Our findings support a mechanism that inhibits receptor recycling by coordinating TBC1D5-dependent capture of retromer⁺ endosomes by autophagosomes for wholesale destruction (Figure 5I). While this targeting to autophagosomes exhibited a preference for retromer⁺ endosomes and was strongly regulated by nutrient withdrawal and MTORC1 inhibition, our work raises several interesting questions.

Does this represent a bona-fide selective autophagy pathway for endosomes (i.e., endophagy), or instead, nonselective turnover of endosomes via macroautophagy? If it were truly selective, the signals which occur at endosomes to coordinate this process are yet to be revealed. Our initial hypothesis was that TBC1D5 may serve as a selective autophagy receptor for retromer⁺ endosomes. However, TBC1D5 did not satisfy criteria for this to be true. The C-terminal LIR #3 of TBC1D5 was not necessary for autophagosomes to capture retromer⁺ endosomes, and TBC1D5 did not interact with ATG8 proteins in our experiments.

Why do retromer⁺ endosomes appear to be preferentially targeted to autophagosomes for destruction? One possible explanation may be related to their ability to specifically recruit TBC1D5 to endosomes, given the importance of TBC1D5 in this process. Additionally, retromer may serve as a “master substrate” because its turnover likely affects numerous receptor trafficking events in parallel [11]. Interestingly, the total cellular amount of retromer components were largely unchanged by nutrient withdrawal or MTOR inhibition, indicating that a small – likely endosome-associated and active – pool of retromer is targeted for destruction [55]. Consistent with this, only a small fraction of retromer in the cell is associated with endosomal membranes. Alternatively, or in parallel, retromer turnover may also be compensated by TFEB-driven transcription of its components [60]. Moreover, specific coordination of retromer by MTORC1 and autophagy may synchronize various receptor-mediated signaling events with nutrient availability and other environmental cues. Similarly, amino acids were demonstrated to support endosome-to-Golgi trafficking of the IGF2R and SORT1, which extends our observations to additional retromer cargoes [61]. A key difference was that amino acids achieved this through the Ragulator-SLC38A9 system (which controls MTORC1 activation) independently of MTORC1 activity, indicating that receptor homeostasis may be regulated in parallel at different points along the MTORC1 pathway [61]. Moreover, stress-induced phosphorylation of the retromer-adaptor SNX27 by MAPK11-MAPK14 was found to inhibit cargo selection and receptor recycling to the plasma membrane [36]. This suggests that multiple mechanisms may act in parallel or potentially in concert to suppress receptor recycling by retromer when nutrients are limiting. Interestingly, retromer deficiency perturbs MTORC1 activation by amino acids [27], and confers insensitivity to rapamycin in yeast [62], suggesting potential feedback between these pathways.

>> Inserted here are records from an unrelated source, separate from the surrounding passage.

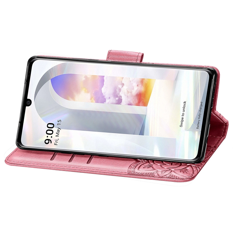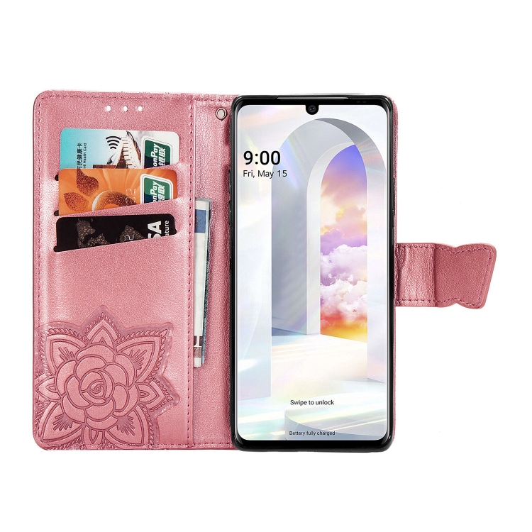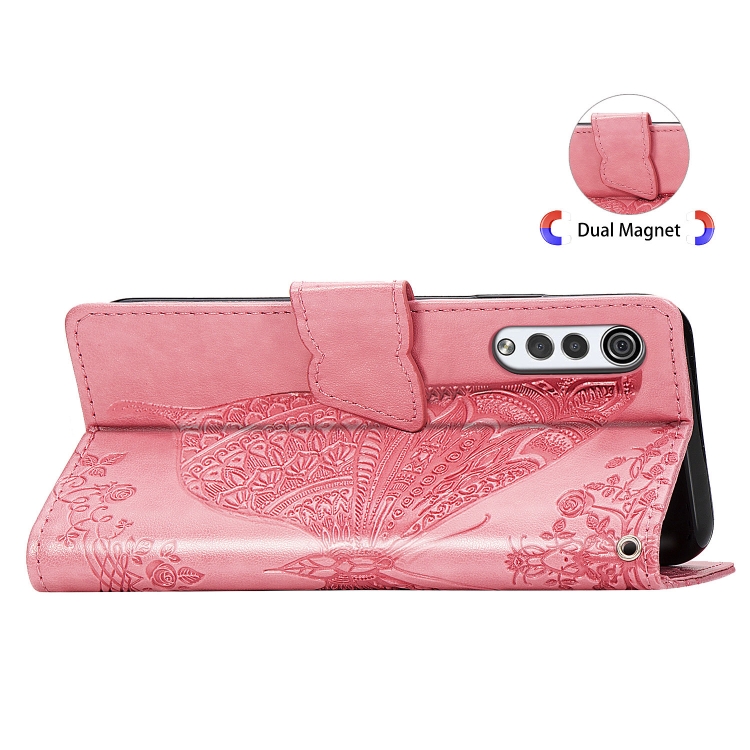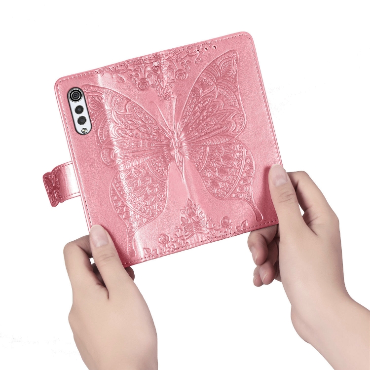 Funda Cuero Estampado Mariposa Amor con Soporte, Tragamonedas, Billetera y Cordón para LG Velvet 2 Pro (Rosa)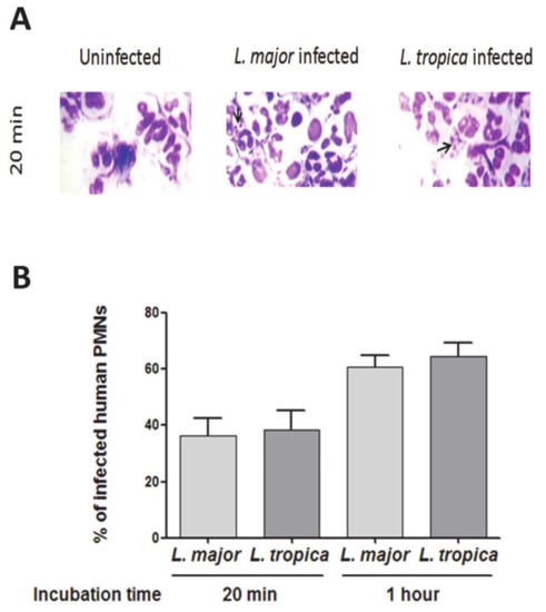 2.5. In Vitro Infection of Human PMNs by L. major and L. tropica Promastigote Strains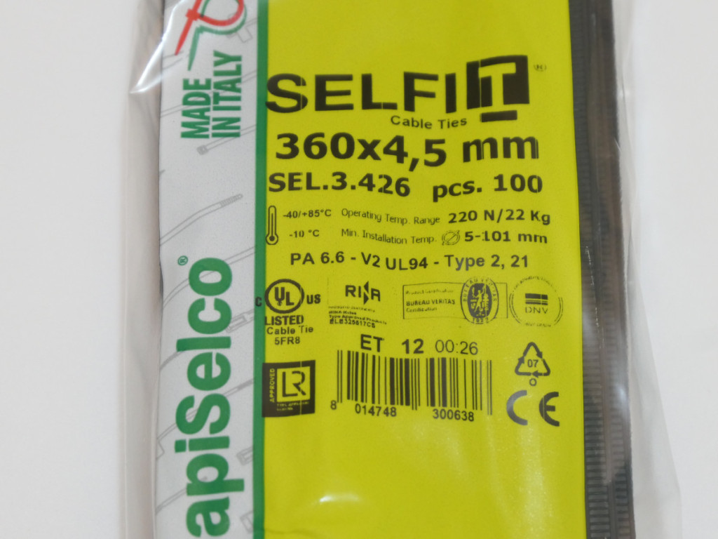 SapiSelco SELFIT Kabelbinder 360x4,5 mm – schwarze Farbe, 1 Packung = 100 Stück, Industriequalität (SEL.3.426)

Moreover, nutrient-responsive capture of retromer⁺ endosomes by autophagosomes appears to be distinct from amphisome formation (i.e., because retromer was membrane-protected, colocalized with nonacidic LC3B⁺ compartments, and its cargoes were delivered to lysosomes in an ESCRT-independent fashion). During nutrient stress, wholesale capture of endosomes via autophagosomes likely serves to deliver both their membrane (e.g., retromer itself and other cargo receptors) and luminal contents to lysosomes for destruction to salvage nutrients. This is analogous to observations made during the early phase of starvation in yeast [63]. To achieve the same result via amphisome formation, retromer⁺ endosomes would first have to fuse with autophagosomes, then additional membrane invagination events would need to occur to internalize membrane contents such as the retromer-TBC1D5 complex to ensure their turnover by lysosomes.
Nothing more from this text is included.